Pentagon says there is 'no definitive cause' for the Beirut blast

Pentagon says there is ‘no definitive cause’ for the Beirut blast after Trump claimed it was a ‘terrible attack’ – but spokesman admits many people believe it was ‘an unfortunate accident’

  • Pentagon spokesman said on Thursday no definitive cause of Beirut blast has been found so far, but he did not rule out an accident 
  • Explosion of tons highly explosive fertilizer in a waterfront warehouse killed at least 135 people and injured more than 5,000 in Lebanon on Tuesday 
  • President Trump called the blast a ‘terrible attack’ without providing evidence 
  • Defense Secretary Mark Esper later said of the explosion that ‘most believe it was an accident’  

A Department of Defense spokesperson said today that no definitive cause for the deadly explosion that ripped through Beirut this week has been identified so far, despite President Trump calling it an ‘attack’.

But he did not rule out that it was an accident. 

Pentagon representative Jonathan Hoffman addressed the ongoing investigation into Tuesday’s explosion in the Lebanese capital that killed 135 people, among them at least one American, and injured about 5,000 others during Thursday’s press briefing. 

Investigators in Lebanon focused on possible negligence in the storage of tons of a highly explosive fertilizer in a waterfront warehouse. 

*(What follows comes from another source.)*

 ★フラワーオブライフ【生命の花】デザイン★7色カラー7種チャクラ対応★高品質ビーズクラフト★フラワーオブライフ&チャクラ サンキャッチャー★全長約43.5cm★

Pentagon representative Jonathan Hoffmant said on Thursday that no definitive cause for the deadly explosion that ripped through Beirut this week has been identified so far

A general view of the destroyed port area in the aftermath of the massive explosion in downtown Beirut, Lebanon

A series of massive explosions in the Lebanese capital’s port area rocked the city on Tuesday evening local time, killing at least 135 people and injuring more than 5,000 others

‘Many people have posited it was an accident, terrible, unfortunate accident,’ Hoffman told reporters this afternoon. ‘So we’re going to work with the intelligence community, we’re going to work with our allies and partners. We’re going to wait and see.’

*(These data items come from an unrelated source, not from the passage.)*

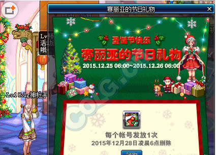 双旦活动,圣诞节&元旦节期间上线,即可领取赛丽亚的节日礼物奖励。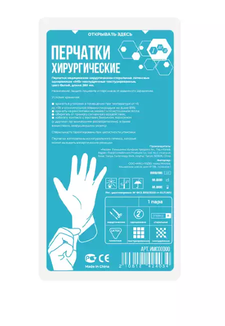 Перчатки IMS хирургические, размер 7,0 латексные неопудренные текстурированные, стерильные, упаковка 50 пар, Zhonghong Pulin Medical Products Co., Ltd (КИТАЙ)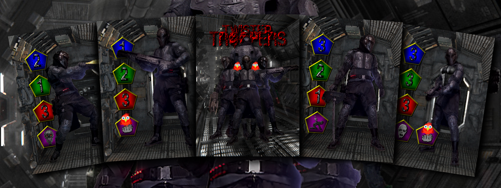 In Twisted Troopers, players collect sets and deploy cards in an attempt to evacuate as many of their OWN troopers as possible before the ship they are on explodes. Some collected sets earn points toward victory, while others mess with competing players' attempts to do the same. In the end, the player that does the best job of saving their own troopers and/or screwing everyone else is F**ckin' Awesome (and the winner).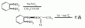 1.由鄰三胺與亞硝酸鈉反應而得。將鄰二胺加入50℃水中溶解,再加入冰醋酸,降溫至5℃,加入亞硝酸鈉攪拌反應。反應物漸漸變成暗綠色,溫度升至70-80℃,溶液變?yōu)榻奂t色,于室溫放置2h,冷卻,濾出結(jié)晶,用冰水洗滌,干燥得粗品,將粗品減壓蒸餾,收集201-204℃(2.0kpa)的餾分,再用重結(jié)晶,可得熔點為96-97℃的產(chǎn)品,產(chǎn)率80%左右。曾有報道用亞硝酸鈉處理多菌靈的縮合廢水而得副產(chǎn)物并三氮唑。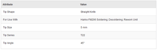 Hakko 5mm Straight Knife Soldering Iron Tip - T22-K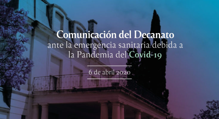 Nuestra Facultad asumió las disposiciones nacionales y rectorales en lo que concierne a la suspensión del comienzo de las clases de grado, que en primera instancia fue hasta el 25 de marzo, y luego hasta el 31 de marzo. El inicio de clases bajo la modalidad virtual se pautó para el 1 de abril, en el marco del aislamiento social preventivo por la actual emergencia sanitaria debida a la pandemia del Covid-19, que hasta el momento se ha extendido hasta el 12 de abril.

His comments came just days after President Donald Trump called the explosion a ‘terrible attack’. 

Declining to provide any evidence to back up his assertion, Trump said during a White House briefing on Tuesday evening that he had ‘met with some of our great generals and they seem to feel that it was [an attack].

‘This was not some kind of a manufacturing explosion type of event. They would know better than I would,’ the president added. ‘They seem to think … it was a bomb of some kind, yes.’

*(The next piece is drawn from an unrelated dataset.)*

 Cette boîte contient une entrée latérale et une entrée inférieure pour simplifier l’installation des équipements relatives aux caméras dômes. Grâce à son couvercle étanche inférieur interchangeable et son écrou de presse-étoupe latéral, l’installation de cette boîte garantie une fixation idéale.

The following day, Defense Secretary Mark Esper made a statement that appeared to contradict the president’s take on the incident, saying that ‘most believe it was an accident, as reported.’

When asked about Esper and Trump’s conflicting remarks, the Pentagon spokesperson pointed to a ‘fast-evolving situation’ and noted that ‘different information’ has come to light in the last few days. 

Hoffman did not reveal the nature of the emerging information, saying that he was not going to discuss ‘our intelligence.’   

‘The president and Secretary [Esper] have both been consistent that we’ve reached no definitive cause for the explosion,’ Hoffman said.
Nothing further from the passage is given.